### Problem to work on:
A faithful copy is needed of the lines below from the one with "Fahrbare Werkbank 7000" up to and including the one with "Join Carnegie Mellon"; set it down with no pictures and no other lines.

### Source information:

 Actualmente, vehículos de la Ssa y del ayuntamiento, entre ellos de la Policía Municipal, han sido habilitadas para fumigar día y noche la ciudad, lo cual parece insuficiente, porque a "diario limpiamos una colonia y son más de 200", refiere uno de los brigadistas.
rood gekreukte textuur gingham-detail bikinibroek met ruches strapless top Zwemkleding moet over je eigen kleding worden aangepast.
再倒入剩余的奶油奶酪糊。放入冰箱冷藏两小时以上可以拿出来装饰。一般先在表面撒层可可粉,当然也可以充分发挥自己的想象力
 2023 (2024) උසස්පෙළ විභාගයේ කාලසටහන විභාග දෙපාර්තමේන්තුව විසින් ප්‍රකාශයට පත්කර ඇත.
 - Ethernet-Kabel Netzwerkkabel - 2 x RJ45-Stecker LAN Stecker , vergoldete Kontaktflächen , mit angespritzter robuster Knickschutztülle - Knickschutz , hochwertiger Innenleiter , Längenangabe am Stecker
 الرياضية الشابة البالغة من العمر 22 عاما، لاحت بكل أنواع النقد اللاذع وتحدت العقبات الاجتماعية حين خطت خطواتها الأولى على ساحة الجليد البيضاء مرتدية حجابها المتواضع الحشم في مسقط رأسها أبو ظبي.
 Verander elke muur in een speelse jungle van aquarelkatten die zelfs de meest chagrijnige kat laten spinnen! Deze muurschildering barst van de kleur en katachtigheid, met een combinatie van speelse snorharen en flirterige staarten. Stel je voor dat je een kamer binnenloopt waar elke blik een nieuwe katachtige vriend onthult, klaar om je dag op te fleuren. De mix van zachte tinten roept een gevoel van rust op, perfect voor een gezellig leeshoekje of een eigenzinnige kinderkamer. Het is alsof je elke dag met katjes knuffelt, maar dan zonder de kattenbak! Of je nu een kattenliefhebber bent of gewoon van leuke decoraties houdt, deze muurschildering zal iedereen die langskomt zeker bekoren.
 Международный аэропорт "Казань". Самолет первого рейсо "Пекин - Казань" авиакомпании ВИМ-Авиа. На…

* * *

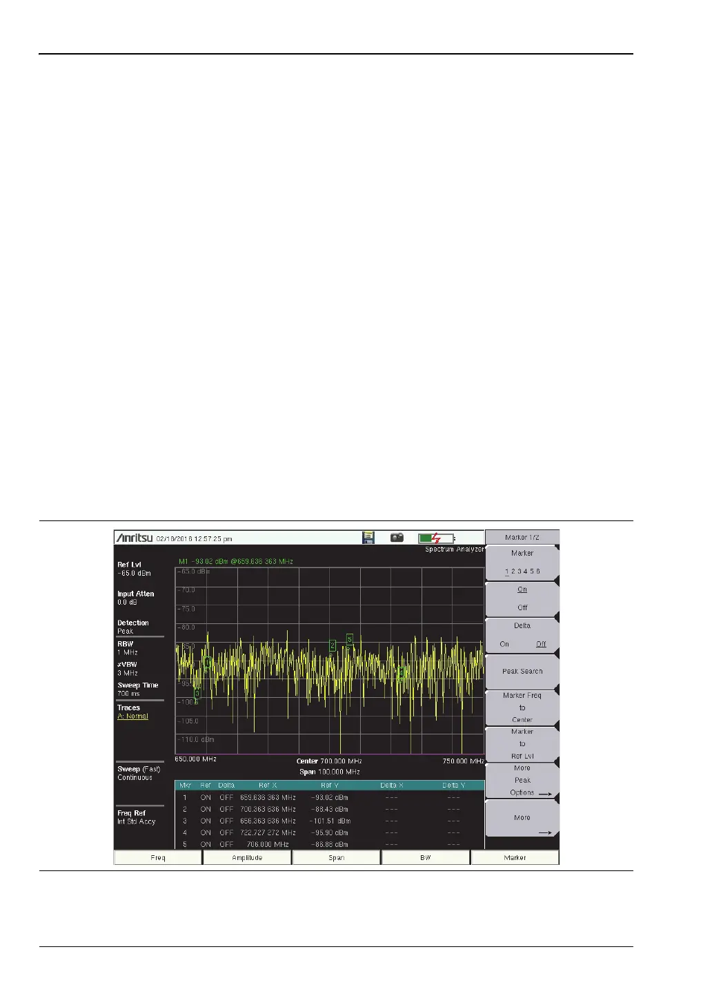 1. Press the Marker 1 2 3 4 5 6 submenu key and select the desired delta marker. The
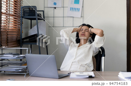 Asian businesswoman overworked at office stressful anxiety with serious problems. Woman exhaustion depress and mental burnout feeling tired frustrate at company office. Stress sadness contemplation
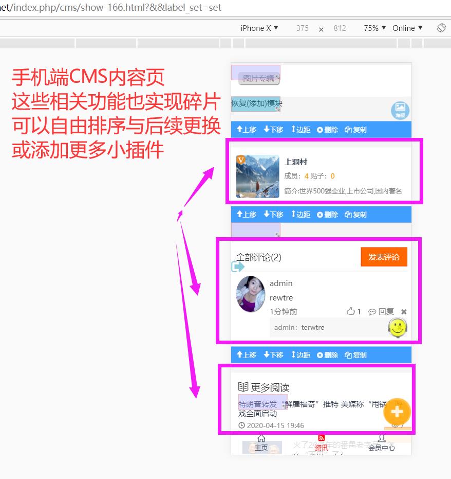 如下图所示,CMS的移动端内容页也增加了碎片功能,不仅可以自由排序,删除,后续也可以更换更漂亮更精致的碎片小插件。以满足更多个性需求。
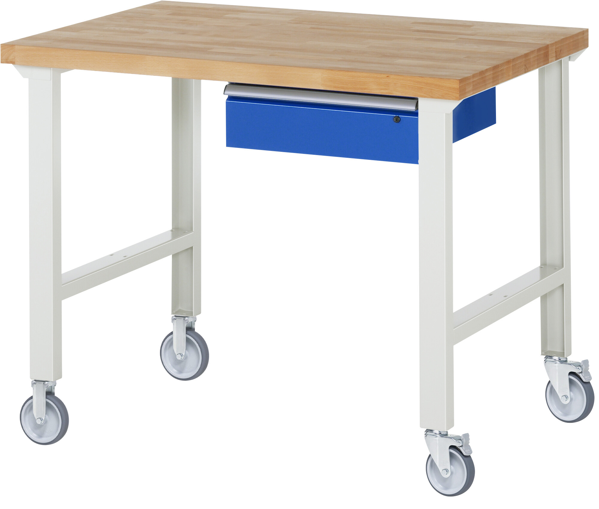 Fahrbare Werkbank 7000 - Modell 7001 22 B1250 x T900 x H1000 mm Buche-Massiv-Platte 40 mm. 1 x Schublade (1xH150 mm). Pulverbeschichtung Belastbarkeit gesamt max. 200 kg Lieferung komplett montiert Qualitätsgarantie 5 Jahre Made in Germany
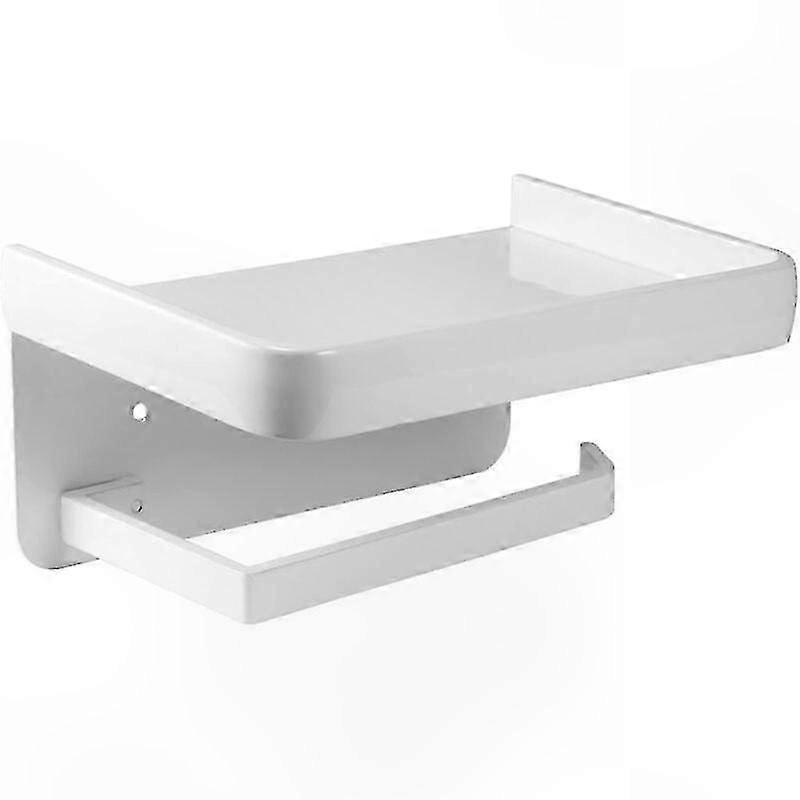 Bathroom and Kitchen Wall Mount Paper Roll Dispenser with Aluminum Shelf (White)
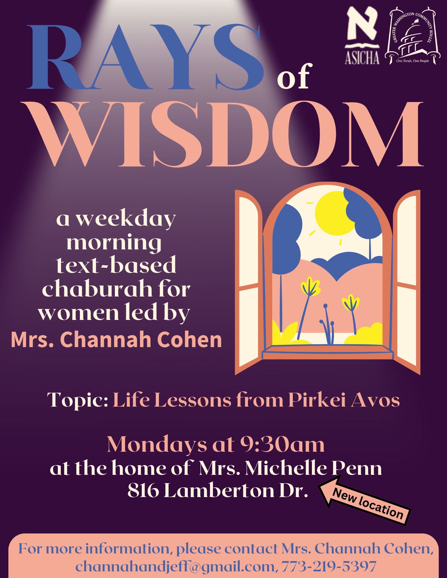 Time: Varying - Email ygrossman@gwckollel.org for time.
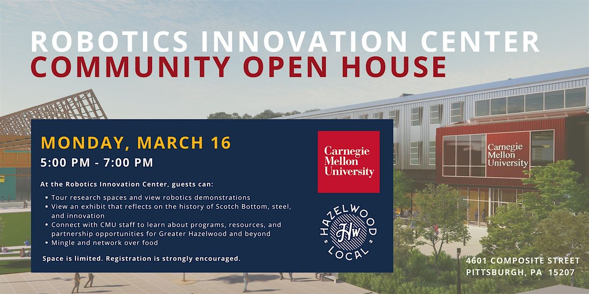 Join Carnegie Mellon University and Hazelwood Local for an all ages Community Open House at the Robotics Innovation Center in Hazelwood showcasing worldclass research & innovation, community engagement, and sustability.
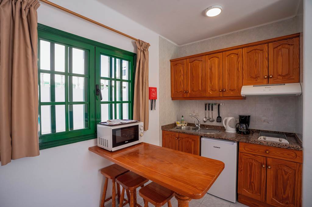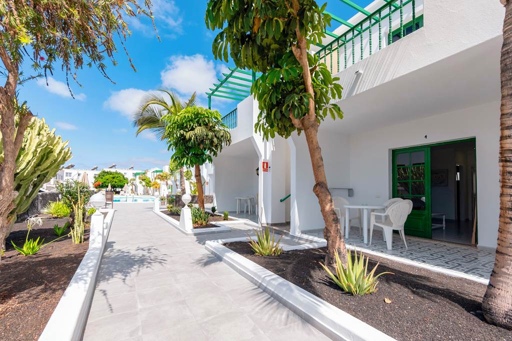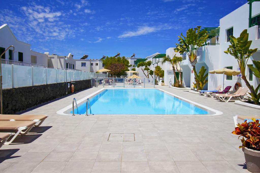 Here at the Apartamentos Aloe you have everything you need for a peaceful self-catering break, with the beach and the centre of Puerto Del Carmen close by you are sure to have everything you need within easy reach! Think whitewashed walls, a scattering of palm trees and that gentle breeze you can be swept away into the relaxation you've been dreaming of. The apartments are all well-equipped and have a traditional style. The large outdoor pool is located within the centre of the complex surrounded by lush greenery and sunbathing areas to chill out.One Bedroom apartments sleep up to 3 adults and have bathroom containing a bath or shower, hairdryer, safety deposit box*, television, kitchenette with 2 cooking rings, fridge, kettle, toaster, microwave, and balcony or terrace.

==

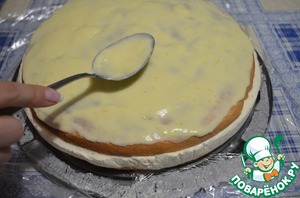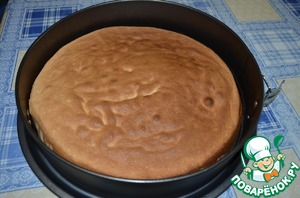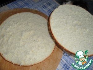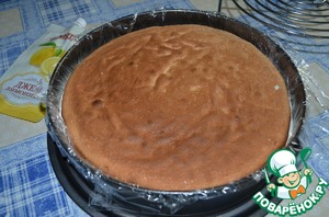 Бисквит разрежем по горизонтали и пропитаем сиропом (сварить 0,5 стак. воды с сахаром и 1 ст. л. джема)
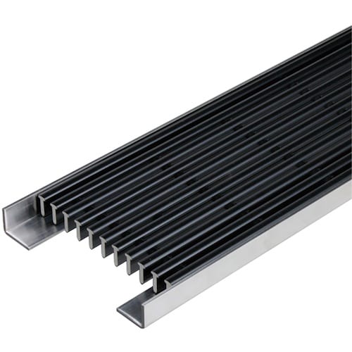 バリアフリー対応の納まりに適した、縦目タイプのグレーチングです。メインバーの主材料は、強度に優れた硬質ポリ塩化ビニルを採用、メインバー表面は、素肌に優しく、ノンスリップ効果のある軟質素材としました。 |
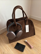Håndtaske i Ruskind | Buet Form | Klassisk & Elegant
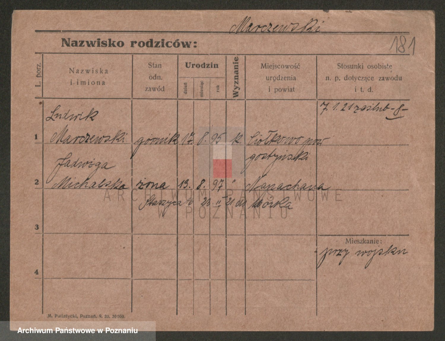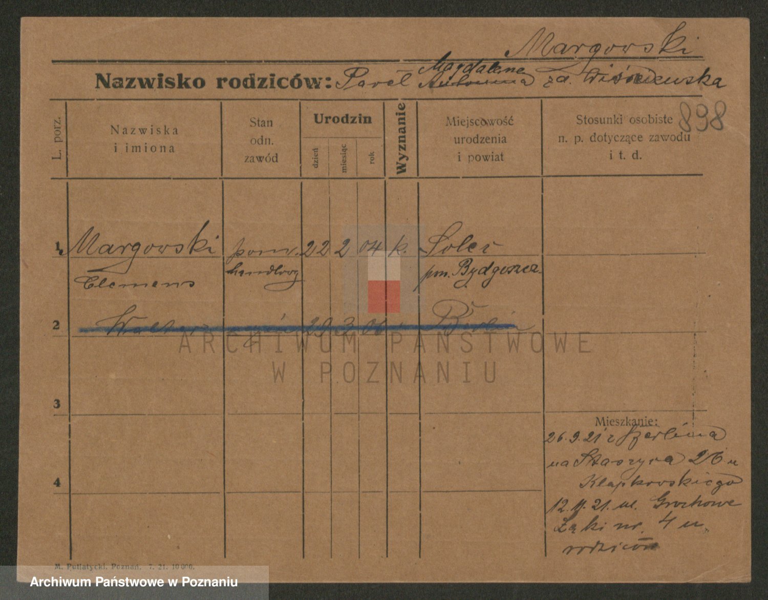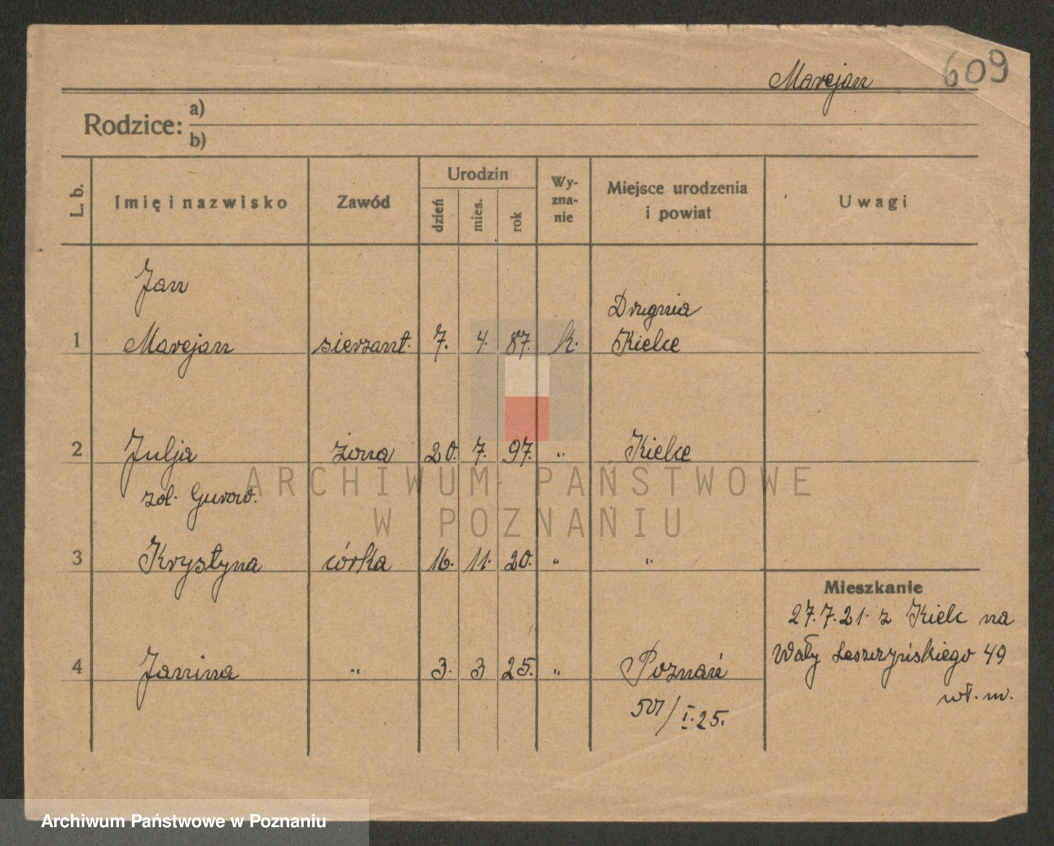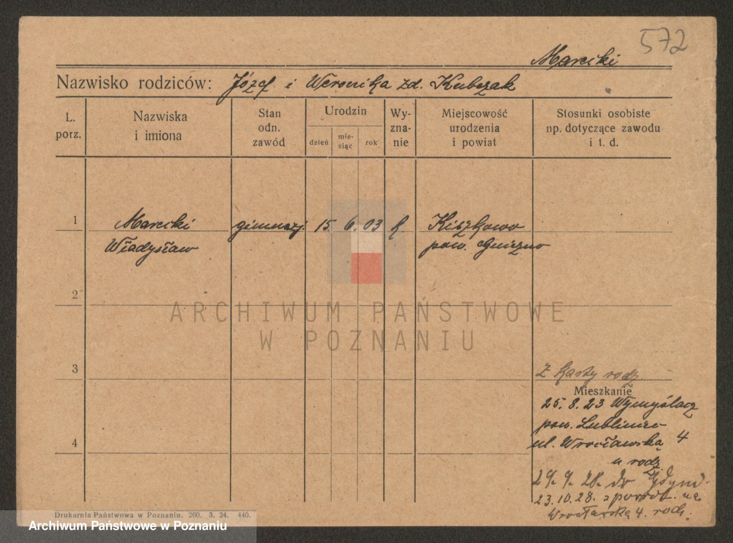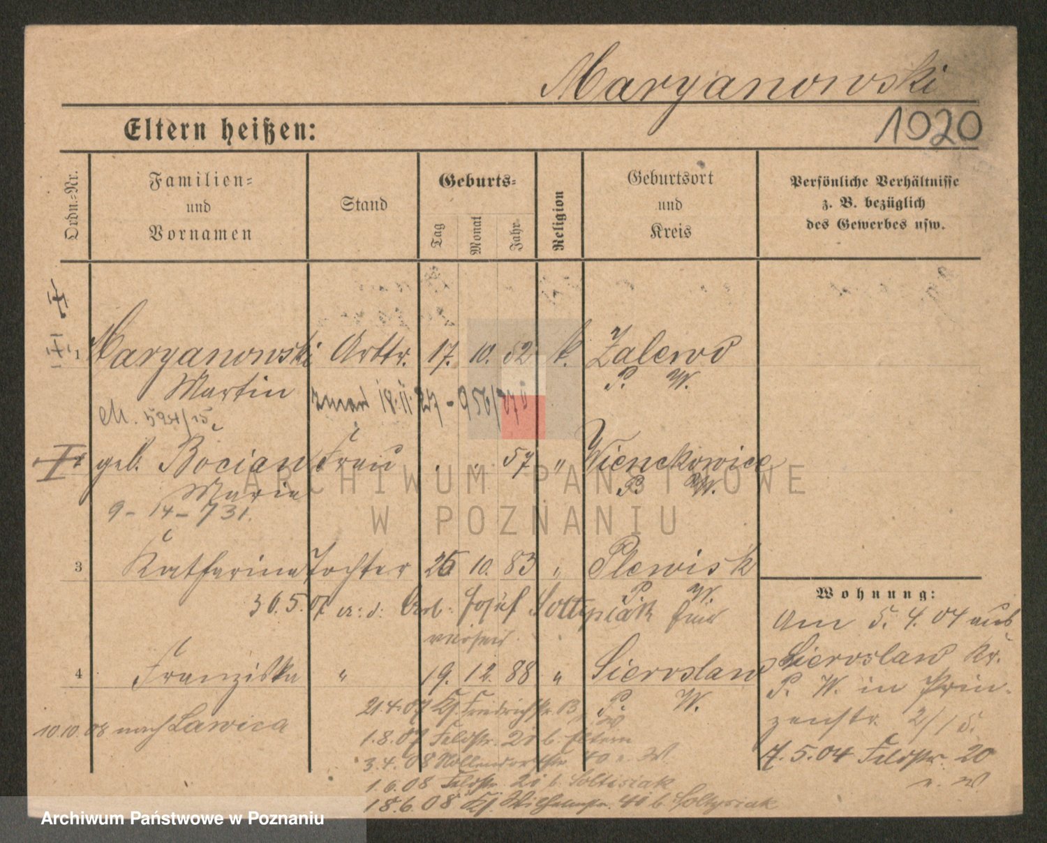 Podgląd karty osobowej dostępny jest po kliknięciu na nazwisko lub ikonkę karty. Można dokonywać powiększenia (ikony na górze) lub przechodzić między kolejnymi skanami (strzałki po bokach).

### Answer to this task:
 Fahrbare Werkbank 7000 - Modell 7001 22 B1250 x T900 x H1000 mm Buche-Massiv-Platte 40 mm. 1 x Schublade (1xH150 mm). Pulverbeschichtung Belastbarkeit gesamt max. 200 kg Lieferung komplett montiert Qualitätsgarantie 5 Jahre Made in Germany
 Bathroom and Kitchen Wall Mount Paper Roll Dispenser with Aluminum Shelf (White)
 Time: Varying - Email ygrossman@gwckollel.org for time.
 Join Carnegie Mellon University and Hazelwood Local for an all ages Community Open House at the Robotics Innovation Center in Hazelwood showcasing worldclass research & innovation, community engagement, and sustability.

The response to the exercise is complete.